# Other Aquarium Forums > Fish Care, Nutrition and Water Management >  How to keep leftover live tubifex worms?

## specky7

i feed my fish with tubifex worm(live)but there is still a lot left how should i keep them prolong their life or something

----------


## kaym

keep the water holding them clean and add a pump to provide oxygen. Keep water level low so the worms can have easy access to surface of water for oxygen. Just observed the LFS keeping them in those conditions.

----------


## StanChung

Or use a drip system. Drip dechlorinated water via airline into wide base [depending on how much tubifex you wanna keep] plastic container that has a hole 1-2 cm above water line. The hole has to be about 1/2 inch so that it can overflow properly. silicone tubing to outlet to let it run off into a drain. Use standard size tubing/hose so that you can DIY easily this.

----------


## blackghost

there are some who swear by using ketapang extract to condition the water :Razz:

----------


## CK Yeo

Keep them in cool, well-aerated water and change often. Dead worms stink up the water fast and rob the water of O2 and more worms will die. Vicious cycle.

I keep them in the fridge (NOT freezer) and change water before I feed them to fish. But that will be a concern if you use the fridge to store human food.  :Smile: 

ck

----------


## richietay

Tried using the air pump method, water change daily still needed. 

Ketapang extract, http://www.arofanatics.com/forums/sh...t=tubifex+worm. Have not tried before, maybe you can consider and give us some feedback.  :Smile:

----------


## koolman

Hi

Out of curiosity, why dont you buy frozen blood worm and you could keep it in your fridge. 


Thanks and regards


Koolman

----------


## bryan

Some fish have an attitude and will only eat something that moves.

----------


## CK Yeo

I second that. And if you wanna breed fish, live food is indispensable. Frozen ones are just not the same.

ck

----------


## koolman

Hi all

Well, kind of think of that, perhaps I should try some live worms for my fishes. The only thing that stop me from feeding them live things is that I don't want to spoilt them and they will not eat the frozen worms again.


Thank and regards

Koolman  :Jump for joy:

----------


## specky7

oh ya btw does anyone of you breed tubifex before

----------


## cairocks

I have read some people put it in a cloth bag and hang it inside the toilet flush reservior. So each time youflush, new water washes the worm. I have not tried this method yet. Maybe will try it next time I feel like getting live worms. Hopefully the chlorine would not kill off the worms before I can use them.

----------


## taygu

> I have read some people put it in a cloth bag and hang it inside the toilet flush reservior. So each time youflush, new water washes the worm. I have not tried this method yet. Maybe will try it next time I feel like getting live worms. Hopefully the chlorine would not kill off the worms before I can use them.


This sound interesting. Will try this out when I buy the worms again.

What I did was to position the tub containing the worms under one hole of the the rain bar. The worm can last almost a week but there will still be died worms.

----------


## CK Yeo

I have heard feeding the worms using pieces of potatoes. But again, the recurring problem is to keep the water clean. i.e. filter, water changes, larger space.
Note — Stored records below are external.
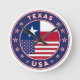 Badge of Texas with flag of Texas and flag of USA colours, rounded shape.
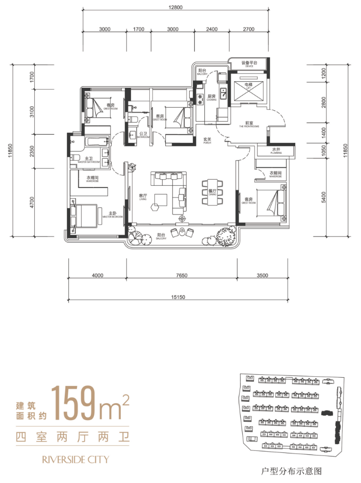 面积段:建面约174-325㎡江岸雅奢墅境 建面约129-159㎡天际阔景平层
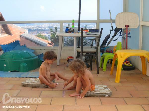 но пусть политикой занимаются мужчины. моя боль - это дети. и какая разница, чьи они. вот моя бусинка на пляже заигралась с израильскими детьми, а когда тех позвали обедать - увязалась за компанию. и ее накормили. меньше всего я хочу думать о том, что эти малыши вместо беготни и так раздражавших меня воплей будут сидеть в мамаде.
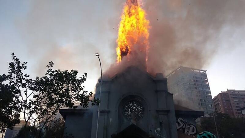 La iglesia ubicada en la intersección de avenida Vicuña Mackenna con la calle Barón de Coubertin, al sur de la Plaza Baquedano, fue atacada por desconocidos, que prendieron fuego en su ingreso.
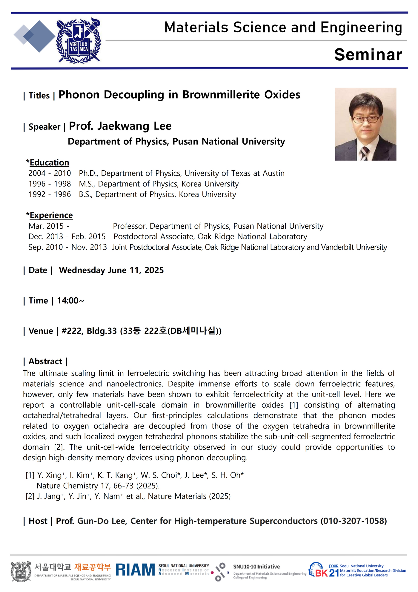 [세미나: 6월 11일(수), 오후 2시] Prof. Jaekwang Lee (Department of Physics, Pusan National University)

In the end day, is it worth the effort? The effort and material will probably cost more than the worms themselves. 

ck




> oh ya btw does anyone of you breed tubifex before

----------


## David Moses Heng

What i did for my angels when i was keeping them when i was single is that i will empty the worms into a big ice cream tub with a few holes created on top for water to flow in and out. The ice cream tub will be floating in the tank with the worms inside. Manage to keep the worms for up to a week. In those days(late 1990s), 50 cents of tubifex worms can last you easily 1 to 2 weeks if you know how to take care of them.

----------


## StanChung

The tubifex in WC is really interesting!

I have actually seen a tubifex farm, and it's actually very disgusting. You can smell it a mile away. ok Enough said.  :Grin:  What I noticed is there's a slow constant stream of water flowing into a shallow pool.

It just needs a constant stream of clean water to reduce build up of waste. How you do it will need a bit of imagination and ingenuity.  :Laughing:

----------


## apollo

Hi StanChung

Is the farm in Singapore? School holiday is here. Dont mind touring some farms here.

Stephen

----------


## blackBRUSHalgae

tubifex farms are usually situated beside or near an animal farm (usually pigs.) Poop from the animals would be naturally fed to the worm cultures, which explains the foul smell. There are no cleaning process during the harvesting untill they reaches the LFS, where it depends on how well those LFS would clean them before they reach the customers. If you know how to really clean your tubifex worms before you feed them to your fishes, otherwise it is better to avoid them as they are host to many many parasites and pathogens.

----------


## StanChung

Hi Stephen,

The one I've been to is in Perak and it's as BBA says. Smell is over powering.  :Razz:

----------


## kylin

I keep them in the fridge. The cold slows down their metabolism and increases the amount of dissolved oxygen in the water. So it takes much longer for the worms to pollute the water.

Unfortunately this only works if you are living alone. If not, your wives / mothers will kill you if they find out !!!!

K

----------


## crystalreds

I believe clean and cool water is the key. Whether to use an air pump or not depends on the depth of water used. Quite troublesome bro. In the end, I gave up and use frozen worms...  :Smile:

----------


## StanChung

Right on.

Just keep it simple. If you can't keep them alive [too much effort and space] just rinse the fellas in fine net under tap water and freeze them in plasticbag, pressed thin.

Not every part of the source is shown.